Happenstance has brought Sammael to a place along the shores of an idyllic little seaside village, placing his path orthoganal to one of Southern Weyr's junior weyrwoman, though the man does not yet know. The former convict has taken to traveling on rest days, fleeing the confining presence of the weyr that holds no bars, and yet feels like a prison if not left from time to time. The brilliant light of a beautiful autumn day sparkles on too-blue waters before the heavy thud of footfalls press a man's rage into the dimmer confines of the Inn-On-The-Docks, aptly named. Surprise only momentarily falters the surety of steps of a man who's occupation matches that of the deep-bellied laugh man across from Bailey. Brows lift, though the confidence felt in each step that consumes the space of a path well chosen, and as he slides into a seat next to Bailey, manages to murmur in textured baritone, "Fruity drinks, eh?"
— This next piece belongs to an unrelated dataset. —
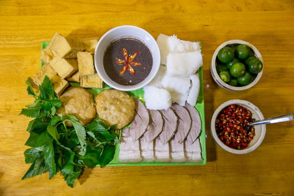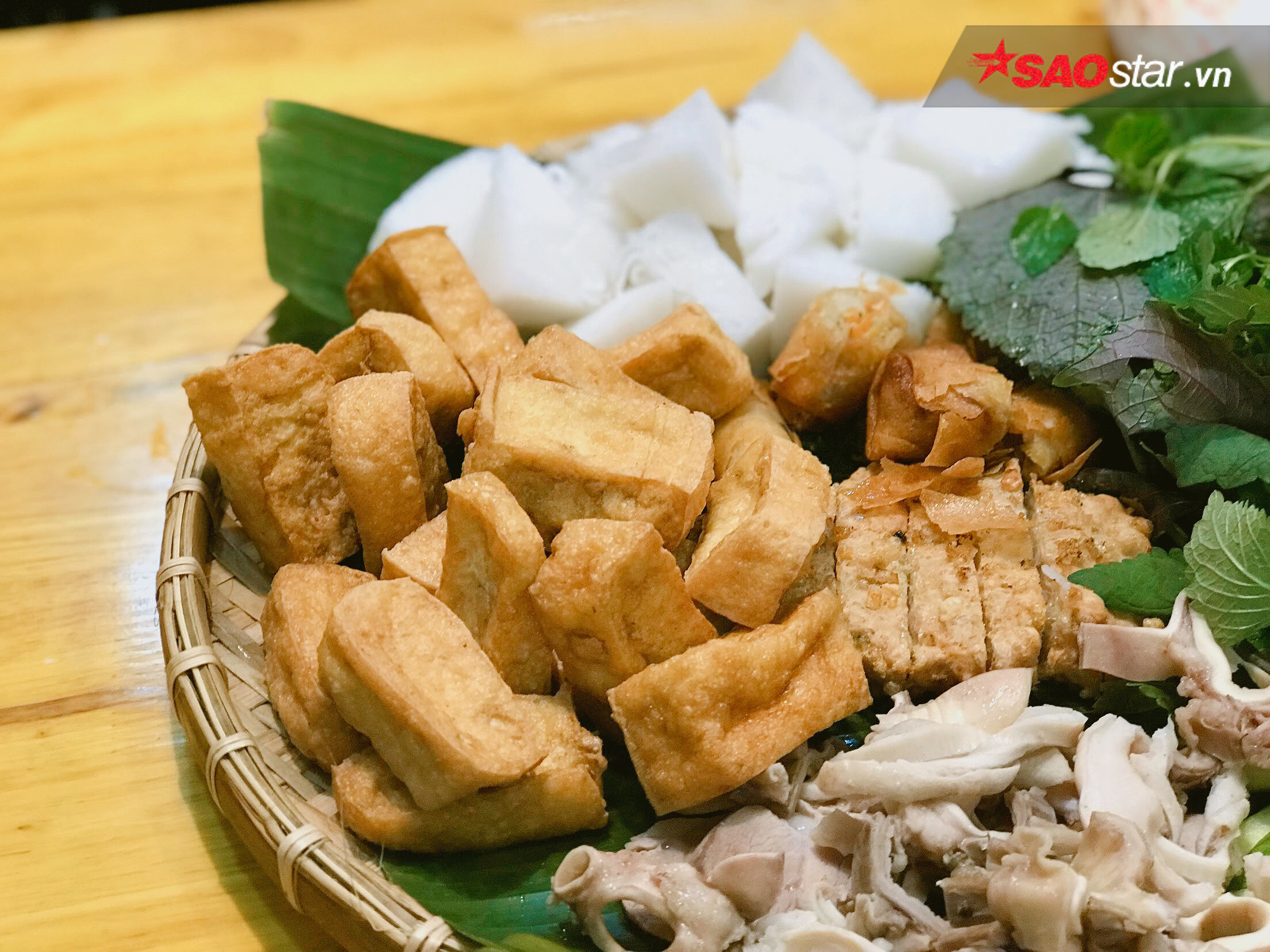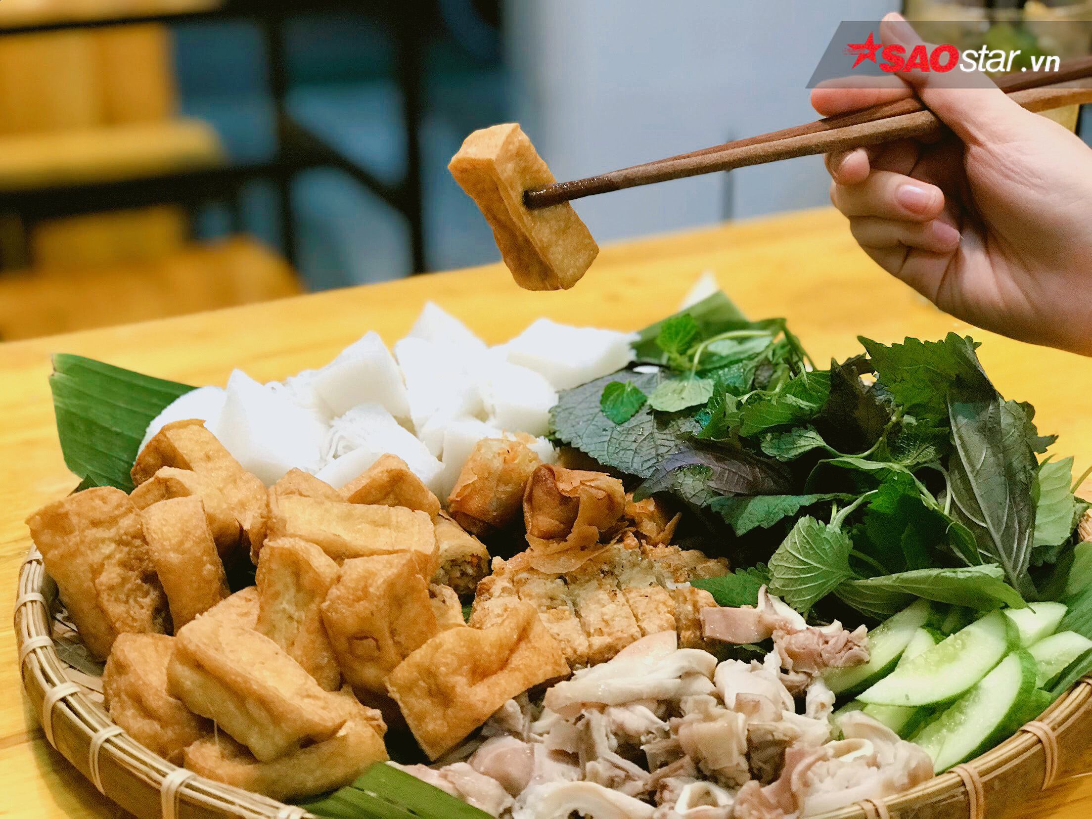 Từng miếng đậu thơm lừng, béo ngậy với lớp vỏ giòn tan nhưng mềm mịn từ bên trong. Chả cốm được chiên căng phồng, vị đậm đà. Thịt chân giò chín tới đủ độ mềm, dai, ngọt. Rau xanh tươi mới. Tất cả được bày trong chiếc mẹt tre lót lá chuối trông vô cùng hấp dẫn, bạn sẽ không khỏi xuýt xoa ngay khi vừa nhìn thấy.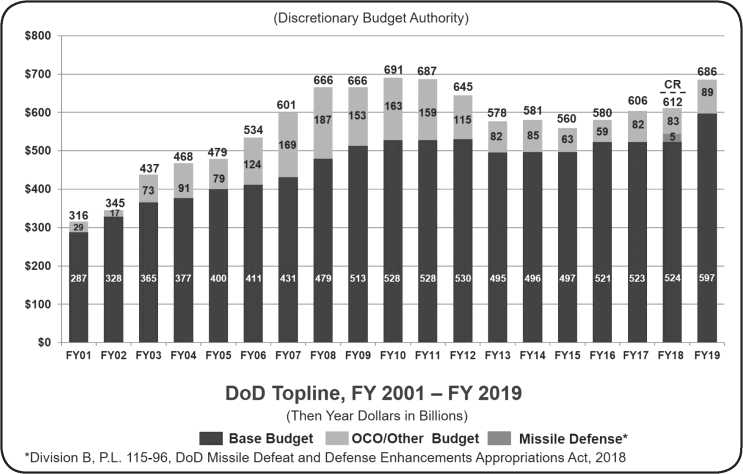 De acuerdo con Michael O’Hanlon (2017), investigador senior del Brookings Institution, el presupuesto de la defensa estadounidense promedio durante la Guerra Fría, si se ajusta la inflación y expresa en dólares de 2017, fue de aproximadamente $525 mil millones de dólares, incluyendo los costos nucleares del Departamento de Energía. El presupuesto promedio para la defensa en los últimos años está en el orden de los 600 mil millones de dólares anuales aunque las fuerzas han sido reducidas en un 35 a 40 por ciento. Esto significa que estamos hoy por encima del promedio de la Guerra Fría. Buena parte de la razón es: costos mucho más elevados en personal (fuerza voluntaria), tecnología más costosa y el hecho de que estamos haciendo muchas más cosas, mayor número de misiones de alto costo, además del envejecimiento de los equipos (lo cual incrementa el costo del mantenimiento) y una infraestructura que requiere ser renovada para el tamaño de la fuerza. (Ver figura 1).

It is lovely outside, giving a certain curiosity to a goldrider spending her time indoors — even at such a charming place as Inn-On-The-Docks. For once, Bailey's hair isn't harshly braided back, and it curls about her shoulders, falling down her back. She turns slightly as Sammael picks his path to sit next to her, and her grey eyes glint briefly as she takes his measure before turning back to her little mini-umbrella'd drink without so much as a hello: she eats a piece of pineapple off of it, the action of which requires her to slide the entirety of the umbrella's stick into her mouth, her eyes turned towards the bartender… on duty. The kohl-eyed man makes an outraged noise deep in his throat and turns to Sammael with a friendly smile and a, "Wot can I get you, mate? Sorry, she's a mess." He thumb-jerks towards Bailey, having no clue that the party he's speaking to knows her quite a bit better, at least fundamentally, than the bartender does himself.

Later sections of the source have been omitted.